Along the same lines in the previous section, we can also consider potential omitted variable bias due to unobserved variables that vary over time but do not vary across entities. Let $S_t$ denote the combined effect of variables which changes over time but not over states. For example, $S_t$ could represent technological improvements that reduce traffic fatalities, or government regulations that lead to the production of safer cars. All of these factors are assumed to be constant across states but change over time. Using $S_t$, consider the following panel data model: \[ Y_{it}=\beta_0+\beta_1X_{it}+\beta_3S_t+u_{it},\quad i=1,2,\dots,n,\quad t=1,2,\dots,T. \]
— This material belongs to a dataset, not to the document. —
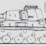 #架空戦車 #イラスト #Trant_Empire "Prototyp Tank G" トラント帝国陸軍の戦車計画案。 Pz.73の計画と元となった戦車で、Pz.73同様の7.5cm砲を持つ中戦車である。車体や砲塔の構造はほとんどがPz.73と同じだが装甲厚がかなり薄く、ほぼ紙も同然の厚さしかない。

In this model, setting $\lambda_t = \beta_0 + \beta_3S_t$, we can recast the model as having an intercept that varies from one year to the next: \[ Y_{it}=\beta_1X_{it}+\lambda_t+u_{it}, \tag{19.5}\]

where $\lambda_t = \beta_0 + \beta_3S_t$ for $t=1,2,\dots,T$.

Definition 19.3 (Time fixed effects regression model) The model in Equation 19.5 is called the time fixed effects regression model, where $\lambda_1,\lambda_2,\dots,\lambda_T$ are treated as unknown time-varying intercepts to be estimated. These terms are called time fixed effects.

Using the indicator function, we can alternatively express this model as \[ Y_{it}=\beta_1X_{it}+\sum_{s=1}^T\mathbf{1}(t=s)\lambda_s+u_{it}, \]

where $\mathbf{1}(t=s)$ is the indicator function that equals 1 if $t=s$, and 0 otherwise.

Also, using the period dummy variables, the model alternatively can be expressed as \[ Y_{it}=\beta_0+\beta_1X_{it}+\delta_2 B2_t+\delta_3 B3_t+\dots+\delta_T BT_t+u_{it}, \tag{19.6}\]

where $B2,B3,\ldots,BT$ are the period dummies and $\delta_2,\delta_3,\dots,\delta_T$ are the corresponding unknown coefficients. The period dummies are defined as \[ \begin{align} B2_t= \begin{cases} 1 \quad\text{if}\quad t=2,\\ 0,\quad\text{otherwise}, \end{cases} \end{align} \]

and other dummy variables $B3_t,\ldots,BT_t$ are defined similarly.

Note that because there is a common intercept in Equation 19.6, the first time period $B1$ is not included in the specification to prevent the dummy variable trap. Also, by comparing the two representations, we have $\lambda_1 = \beta_0$ and $\lambda_t = \beta_0 + \delta_t$ for $t=2,\ldots,T$. If additional explanatory variables are available, then these specifications can be extended to include multiple regressors.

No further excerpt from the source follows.